Em outubro de 2024, a Comunidade Valenciana enfrentou a pior gota fria de sua história, resultando em 228 mortes e danos materiais que superam R$ 17 bilhões. O governo local foi amplamente criticado por sua inação diante da catástrofe.

Atualmente, uma investigação judicial está em andamento. Dois altos funcionários do governo valenciano, incluindo o ex-secretário de Emergências, Emilio Argüeso, estão sendo processados por negligência na resposta à crise. A juíza Nuria Ruiz Tobarra destacou que, apesar das informações disponíveis sobre o risco, a administração não tomou as medidas necessárias.

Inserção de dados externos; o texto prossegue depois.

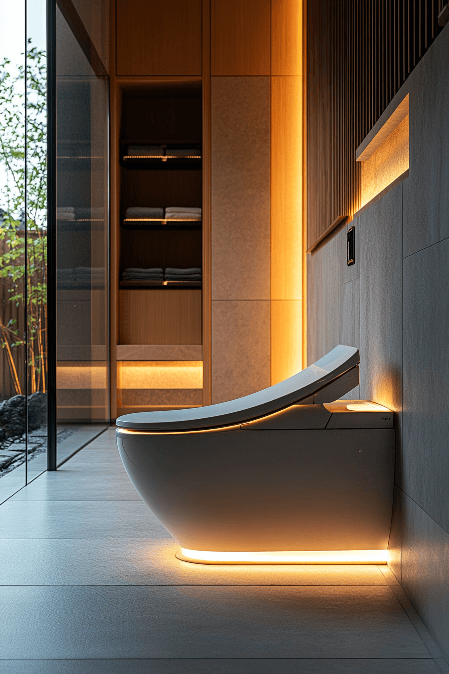 A modern japanese bathroom beautifully blends sleek innovation with timeless design elements. Clean geometric lines, monochrome tones, and high-tech features create a polished, contemporary look. Reflective surfaces and glass accents make the space feel open and airy. Smart functionality meets minimalist aesthetics for a truly elevated experience. This style is perfect for anyone who loves a cutting-edge yet serene environment. Tap to see more modern japanese bathroom inspiration.

Na noite anterior ao desastre, Argüeso questionou a chefe de serviço, Inmaculada Piles, sobre a suspensão de aulas em diversos municípios. Piles afirmou que a decisão era preventiva, mas Argüeso considerou a situação exagerada. A Agência Estatal de Meteorologia (Aemet) já havia emitido alertas sobre chuvas torrenciais que poderiam causar inundações.

No dia do desastre, entre 05h e 08h, o serviço de emergência 112 recebeu mais de 1.000 chamadas e registrou 46 incidentes relacionados ao clima. Apesar das advertências, o presidente da Generalitat, Carlos Mazón, não tomou ações imediatas. A primeira alerta vermelha da Aemet foi emitida às 07h36, mas a comunicação ao público só ocorreu às 20h11, quando já era tarde demais.

A juíza afirmou que a inatividade do governo resultou em consequências mortais. A investigação busca entender a resposta de diversas entidades, incluindo a Aemet e a Confederação Hidrográfica do Júcar, durante as horas críticas que precederam a tragédia. A falta de comunicação e a demora nas ações de emergência foram fatores que contribuíram para a gravidade da situação.